**What to produce:** Please reproduce all the data exactly as written and omit the pictures.

**Recorded data:**
:::::
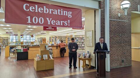 “I’m proud to be here today, inside this treasured institution, praising a century of operations,” said Director Selen, noting that when the COVID-19 pandemic resulted in a statewide shutdown, the library was one of the county operations residents pushed to reopen quickly.
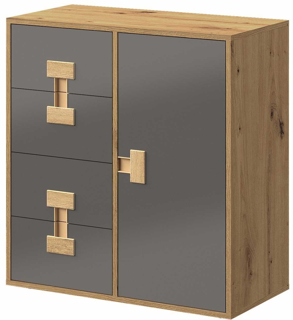Površina komode Index 07 oduševljava kontrastom između toplog tona artisanskog hrasta i hladnog sjaja sive boje. Takva kombinacija stvara uravnotežen i moderan izgled koji se bez poteškoća uklapa u različite stilove unutarnjeg uređenja – od minimalističkog do klasično domaćeg. Drveni dekor hrasta donosi osjećaj topline, dok siva sjajna površina dodaje dašak modernosti i elegancije.
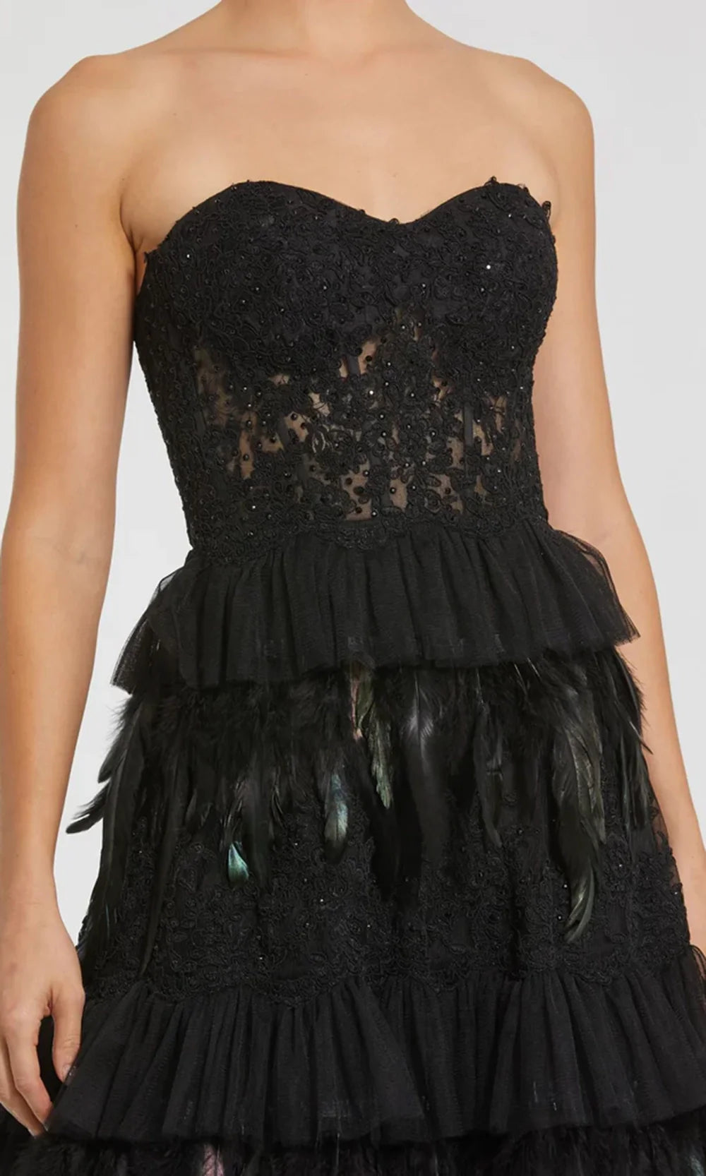 | Details: | Sheer Lace Corset Bodice, Strapless, Tiered Ruffle Skirt, Iridescent Feather Accent, Concealed Back Zipper |
:::::
**Response below:**
 “I’m proud to be here today, inside this treasured institution, praising a century of operations,” said Director Selen, noting that when the COVID-19 pandemic resulted in a statewide shutdown, the library was one of the county operations residents pushed to reopen quickly.
Površina komode Index 07 oduševljava kontrastom između toplog tona artisanskog hrasta i hladnog sjaja sive boje. Takva kombinacija stvara uravnotežen i moderan izgled koji se bez poteškoća uklapa u različite stilove unutarnjeg uređenja – od minimalističkog do klasično domaćeg. Drveni dekor hrasta donosi osjećaj topline, dok siva sjajna površina dodaje dašak modernosti i elegancije.
 | Details: | Sheer Lace Corset Bodice, Strapless, Tiered Ruffle Skirt, Iridescent Feather Accent, Concealed Back Zipper |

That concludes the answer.